Конец XX века был отмечен внедрением методов нейровизуализации, таких как позитронно-эмиссионная томография (ПЭТ) и функциональная магнитно-резонансная томография (ФМРТ). Эти методы произвели настоящую революцию в науке о мозге. Они дали ученым возможность измерять приток крови к нервным клеткам и потребление ими кислорода, коррелирующее с их активностью. ПЭТ и ФМРТ позволяют отслеживать не активность отдельных нейронов, а лишь активность участков мозга, включающих тысячи клеток. Тем не менее в распоряжении исследователей впервые оказались инструменты, позволяющие выявлять участки мозга, связанные с конкретными психическими функциями, и непосредственно следить за их выполнением.
Методы нейровизуализации позволяют увидеть, какие участки мозга активируются, когда человек выполняет то или иное задание. Хорошую службу они сослужили ученым, исследующим механизм распознавания лиц. В 1992 году Жюстин Сержан и ее коллеги из Монреальского неврологического института установили с помощью ПЭТ, что когда здоровые испытуемые смотрят на лица, в обоих полушариях активируются входящие в состав пути “что” веретеновидная извилина и передняя височная кора. А используя ФМРТ, Айна Пьюс и Грегори Маккарти из Йельского университета (а затем Нэнси Кэнуишер из Массачусетского технологического института) выделили отдел нижней височной коры, специализирующийся на распознавании лиц. Этот отдел – зона распознавания лиц веретеновидной извилины – активируется всякий раз, когда мы смотрим на какое-либо лицо. Когда мы смотрим, например, на дом, активируется не зона распознавания лиц, а другой специфический отдел мозга. При этом активация зоны распознавания лиц наблюдается и тогда, когда мы просто представляем себе чье-либо лицо. Нэнси Кэнуишер обнаружила, что может определить, о лице или о доме думает испытуемый, по тому, какой отдел его мозга активируется.
В 2006 году Маргарет Ливингстон, продолжившая изучение механизма распознавания лиц, объединила подход Айны Пьюс и Нэнси Кэнуишер с подходом Чарльза Гросса, воспользовавшись и ФМРТ, и регистрацией электрических сигналов отдельных нейронов в головном мозге обезьян. Ученица Хьюбела и наследница традиции Куффлера, она, в свою очередь, обучала Дорис Цао и Винриха Фрайвальда и сотрудничала с ними. Работы Ливингстон, Цао и Фрайвальда существенно расширили наши представления о механизмах восприятия лиц, задействованных в веретенообразной извилине и за ее пределами. С помощью ФМРТ эти исследователи устанавливали, какие области нижней височной коры активируются, когда обезьяна видит лицо, а с помощью регистрации электрических сигналов определяли, как на демонстрацию лиц реагируют нейроны этих областей.

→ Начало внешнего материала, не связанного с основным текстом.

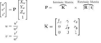 - 3×1 translation vector t using a set of known 3D points (Xw, Yw, Zw) and their corresponding image coordinates (u,v).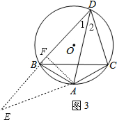 (3)延长DB到E,使得BE=DC,连接AE,过点A作AF⊥BD于点F,如图3,有(1)的结论得到∠1=∠2=90°-$\frac{1}{2}$×120°=30°,在Rt△ADF中,利用余弦定义得到DF=ADcos30°=$\frac{\sqrt{3}}{2}$AD,再证明△EBA≌△DCA得到∠2=∠1,则∠E=∠1,则可判断△ADE为等腰三角形,所以DF=EF,易得DE=BD+CD=2DF,于是有BD+CD=$\sqrt{3}$AD;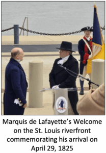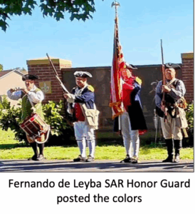 “The Annual Commemoration of The Battle of Fort San Carlos-May 26, 1780 was held on Sunday, May 25, 2025 in Ste. Genevieve, MO – 245 years. Francois Valle led 60 men from there to fight in the Battle. At the cemetery, the SAR remembered 5 men who fought that day. A memorial service was held at the Orris Theater for those who died. Both the DAR and SAR helped with the Rose Ceremony.”
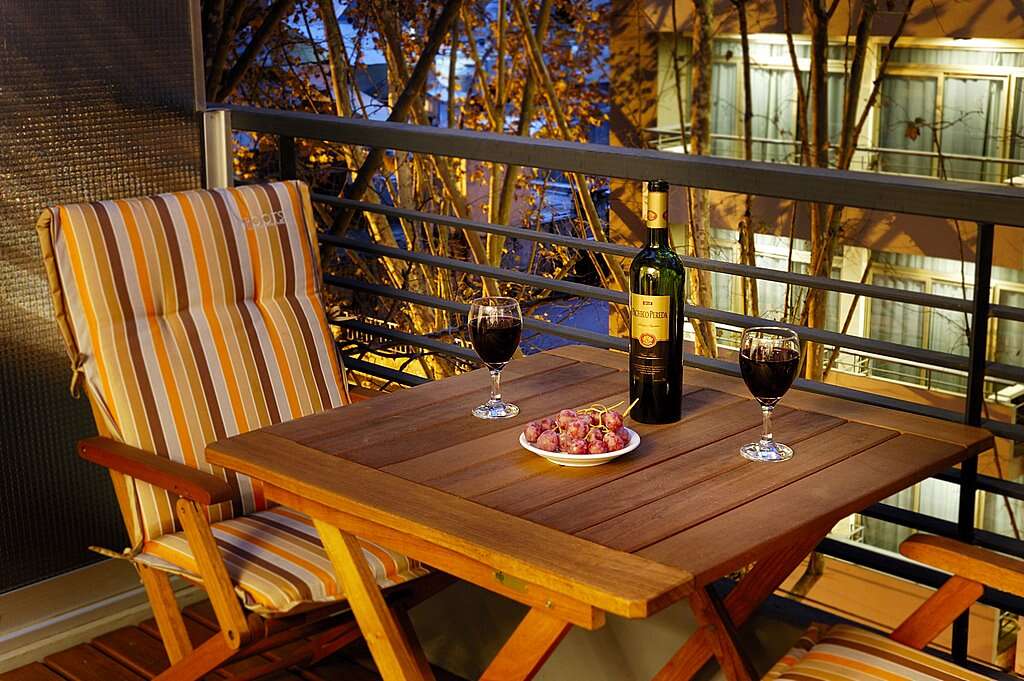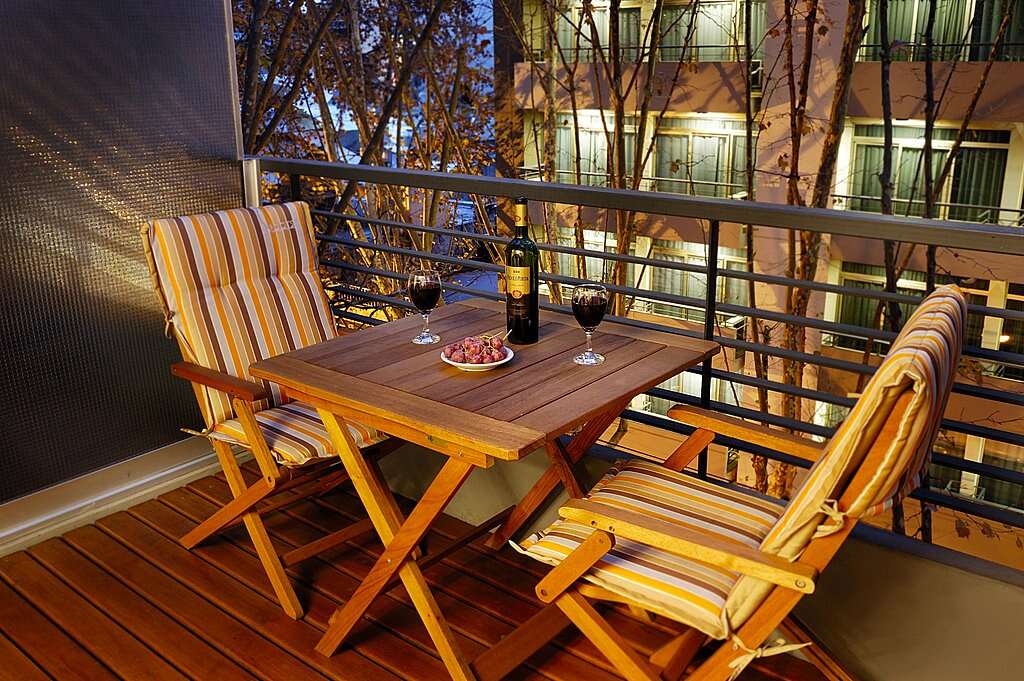 <li>Private balcony with dining table and chairs</li>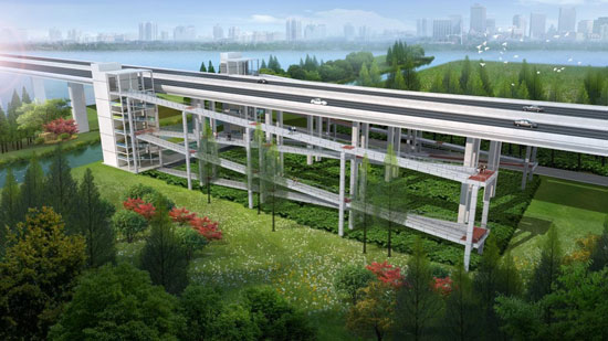 上下引桥整体采用“之”字结构,一方面实现现有空间最大化利用,能进一步保障通行安全性和效率,另一方面,立体的造型与蓝灰色的钢结构,与周边绿化景观、白色的江东大桥相映成趣,实用之余更显简洁之美。
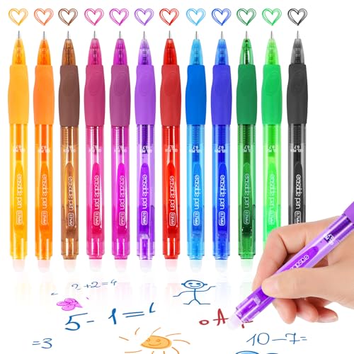 Vosyinm Erasable Pens Rub Out Pen - 12 Colors Heat Friction Erase Pen Set 0.5mm Erasable Gel Ink Pens Writing Retractable Pen with Rubber on the End for Kids Adults School Office Stationery Supplies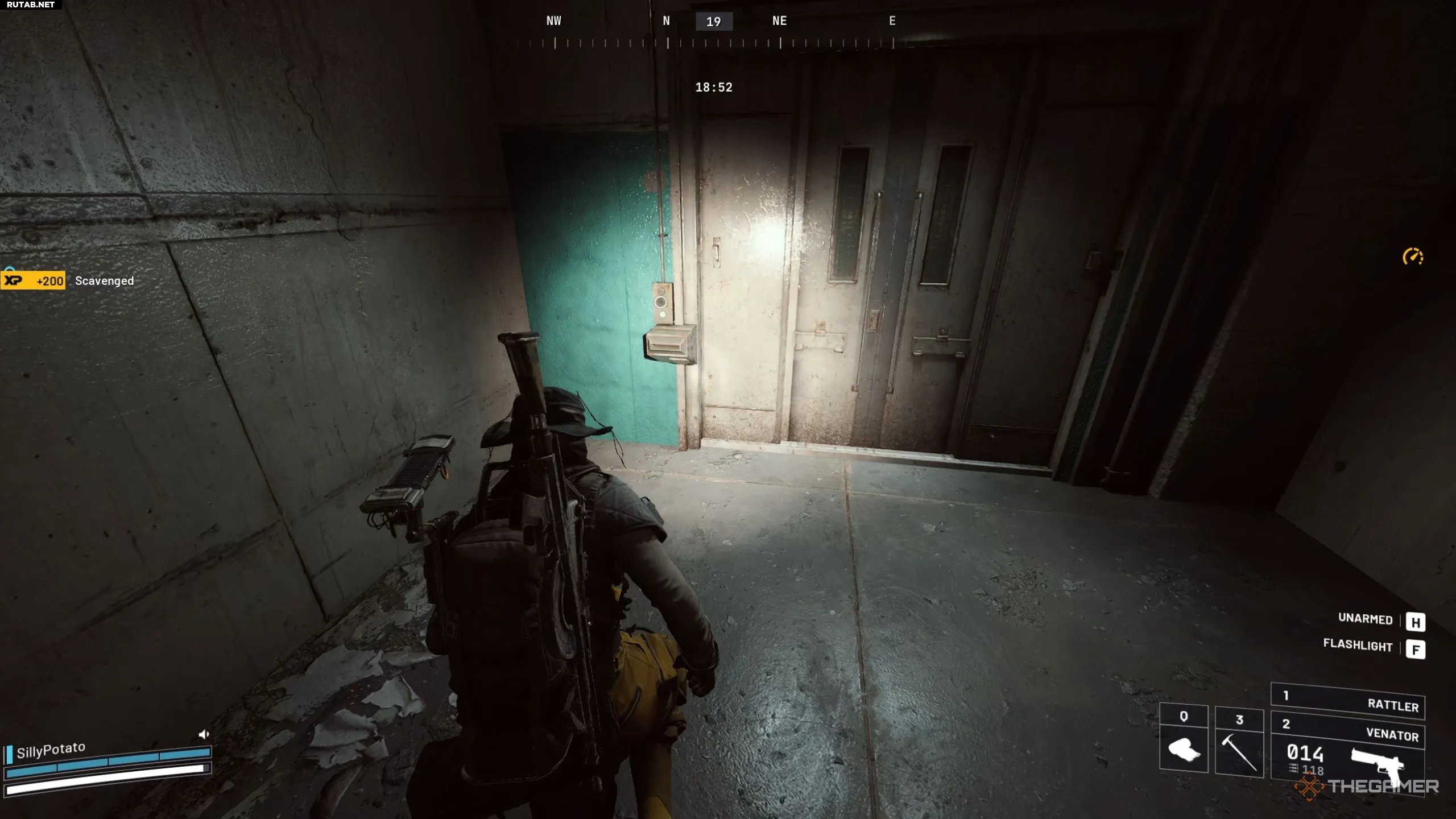 Подойдите к южному краю здания, где увидите лестницу, ведущую на верхний этаж через чёрный вход. Поднимитесь и войдите в первую комнату, затем поверните направо.

Исследователи выделили в нижней теменной коре обезьян шесть участков, реагирующих исключительно на лица. Эти участки назвали лицевыми . “Лицевые участки” представляют собой маленькие области, около 3 мм в диаметре, лежащие вдоль оси, идущей от задней к передней части нижней височной коры. Вероятно, эта система распознавания лиц имеет иерархическую структуру. Один из участков (задний) расположен в задней части нижней височной коры, два – в середине, а три (передние) – в передней ее части. Цао и Фрайвальд вводили электроды в указанные шесть участков и регистрировали активность нейронов. Они установили, что клетки “лицевых участков” специализируются на обработке информации, связанной с лицами, и что в средних двух участках 97 % нейронов реагирует только на лица. Эти открытия подтвердили данные Нэнси Кэнуишер об особой роли веретеновидной извилины в распознавании лиц и позволили предположить, что в мозге приматов информация о лицах обрабатывается специализированными отделами.

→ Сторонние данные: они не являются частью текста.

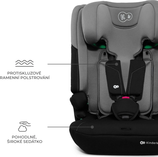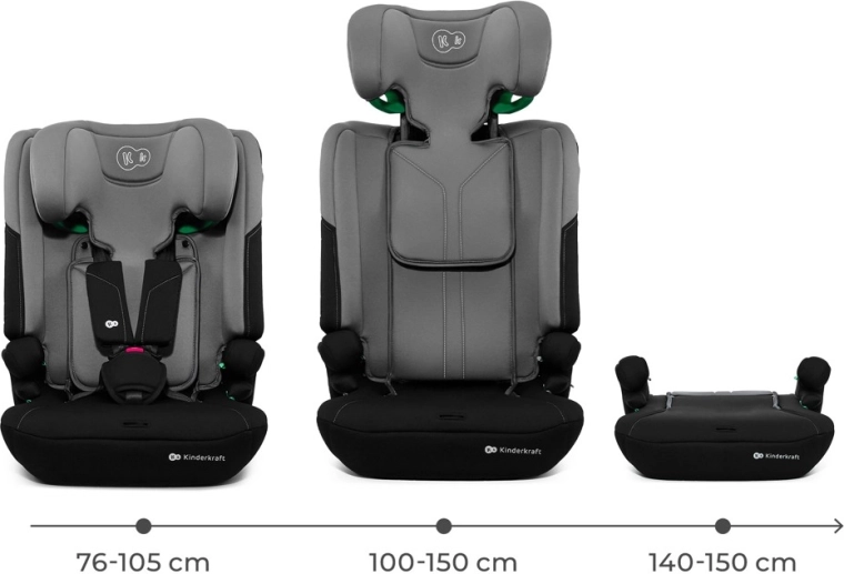 Scaunul auto Kinderkraft I-Comfy i-Size este o soluție universală pentru copii cu înălțimea de 76–150 cm (aprox. 15 luni până la 12 ani). Respectă strictul standard ECE R129 i-Size, inclusiv testele de impact lateral, și crește împreună cu copilul datorită sistemului EASY GROW pentru reglarea simultană a tetierelor și a centurilor. Siguranța maximă este asigurată de tetiera triplustrat H-GUARD, protecția laterală SPS și ghidajul centurii pelviene pentru o poziționare corectă a centurii. Confortul este îmbunătățit de spătarul reglabil în 10 trepte, șezutul lat și centurile în 5 puncte cu pernițe moi. De la 140 cm înălțime poate fi folosit și ca înălțător.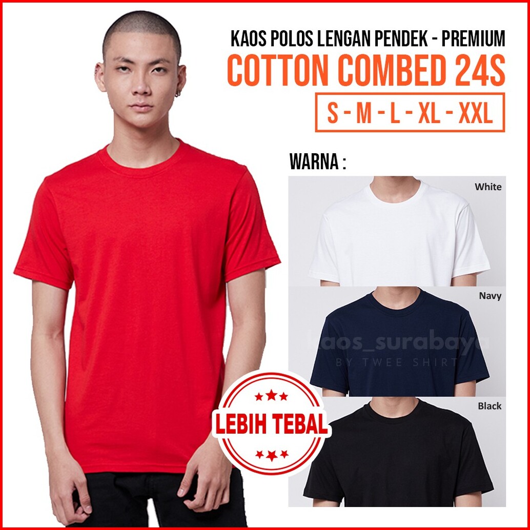 Lebih Tebal Kaos Polos Lengan Pendek Cotton Combed 24s Yarn Spindle Eco Soft Premium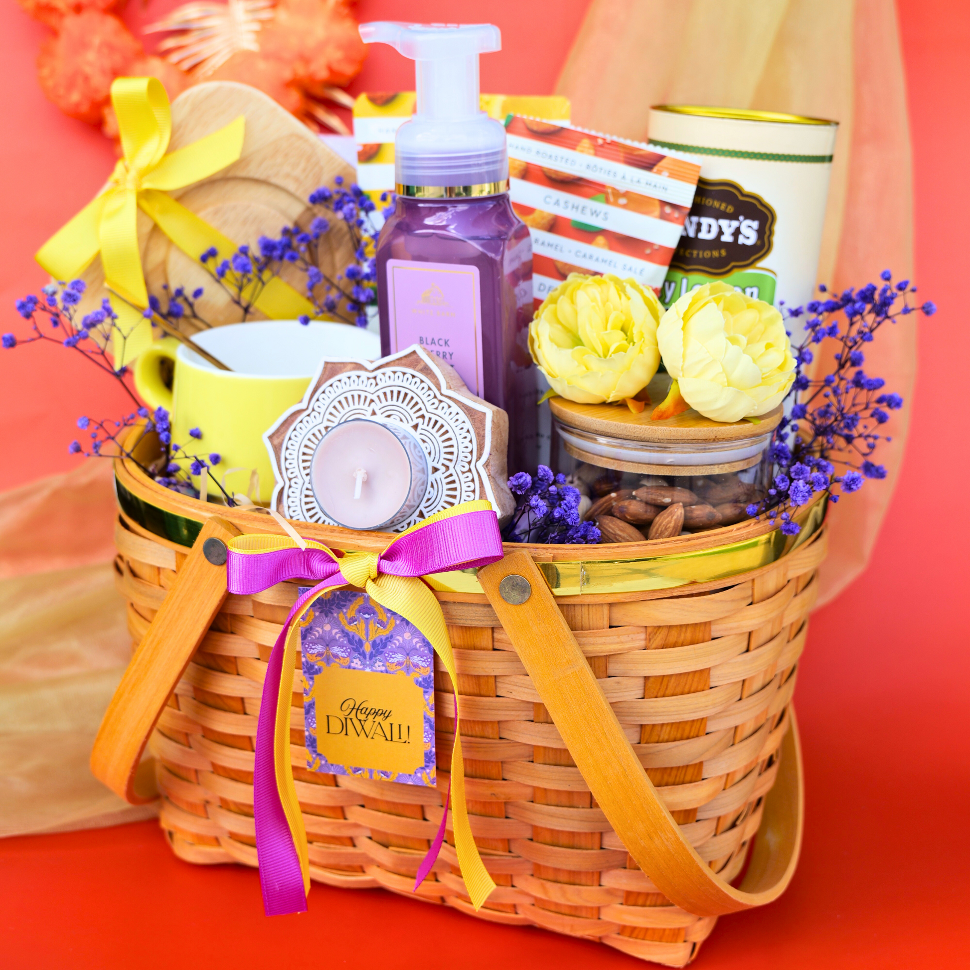 Bright, cheerful, and full of energy, the Pop of Happiness hamper is designed to spread joy through its vibrant purple and yellow theme. Packed with a thoughtful mix of gourmet treats, daily essentials, and festive décor, this basket is the perfect way to surprise loved ones. From indulgent cookies and flavored nuts to a stylish motel cup set and a decorative wooden flower diya, every element reflects thoughtfulness and celebration. A wonderful choice for Diwali, housewarmings, or simply to make someone’s day brighter.

Позднее Цао и Фрайвальд перешли к изучению связей шести “лицевых участков”. Ученые с помощью нейровизуализации наблюдали активность во всех шести участках во время электрической стимуляции одного из них. Активация одного из двух средних участков вызывала активацию нейронов в остальных пяти, а значит, все шесть участков связаны и, вероятно, образуют систему, специализирующуюся на обработке лишь одной категории объектов высокого уровня – лиц.
Фрайвальд и Цао задались вопросом, какого типа зрительная информация обрабатывается в каждом из шести участков. Они сосредоточились на средних и обнаружили, что нейроны данных двух участков распознают лица, используя стратегию, которая совмещает частичный и целостный подходы. Исследователи показывали обезьянам рисунки и фотографии лиц разной формы и ориентации и установили, что средние “лицевые участки” настроены на восприятие геометрии черт: они устанавливают форму видимого лица. Кроме того, клетки этих двух участков реагируют на ориентацию голов и лиц: они специализируются на восприятии лиц целиком и в обычном положении.
Открытие избирательной реакции средних “лицевых участков” на ориентацию лица перекликается с двумя ключевыми этапами, выделенными в ходе разработок компьютерных методов распознавания лиц. Классическая психология разграничивала два процесса: ощущение (сбор сенсорной информации) и последующее восприятие (использование знаний для интерпретации этой информации). В работе компьютерных программ для визуального анализа лиц также задействованы два процесса: опознание лица как лица и последующее установление его принадлежности. Таким образом, в работе “лицевых участков”, как и в работе компьютерных программ, обнаружение служит своего рода фильтром, исключающим объекты, не относящиеся к лицам, и помогающим распознаванию. Изучение поведения давно выявило, что мозгу легче распознавать лица в обычном положении. Нейробиологические исследования подтвердили важность этого механизма, показав: клетки “лицевых участков” височной коры слабее, не столь специфически реагируют на перевернутые лица, чем на лица в обычном положении.
Фрайвальд и Цао решили разобраться, как по “лицевым участкам” распределяется представление лиц. В частности, учитывая, что мы можем распознавать знакомые лица во многих ракурсах (спереди, слева, справа, сверху и снизу), они хотели понять, как “лицевые участки” извлекают из памяти информацию о принадлежности того или иного лица. Ученые демонстрировали обезьянам изображения 200 человеческих лиц в разных ракурсах. Реакцию животных регистрировали с помощью ФМРТ и электродов, позволяющих отслеживать активность отдельных нейронов в “лицевых участках”.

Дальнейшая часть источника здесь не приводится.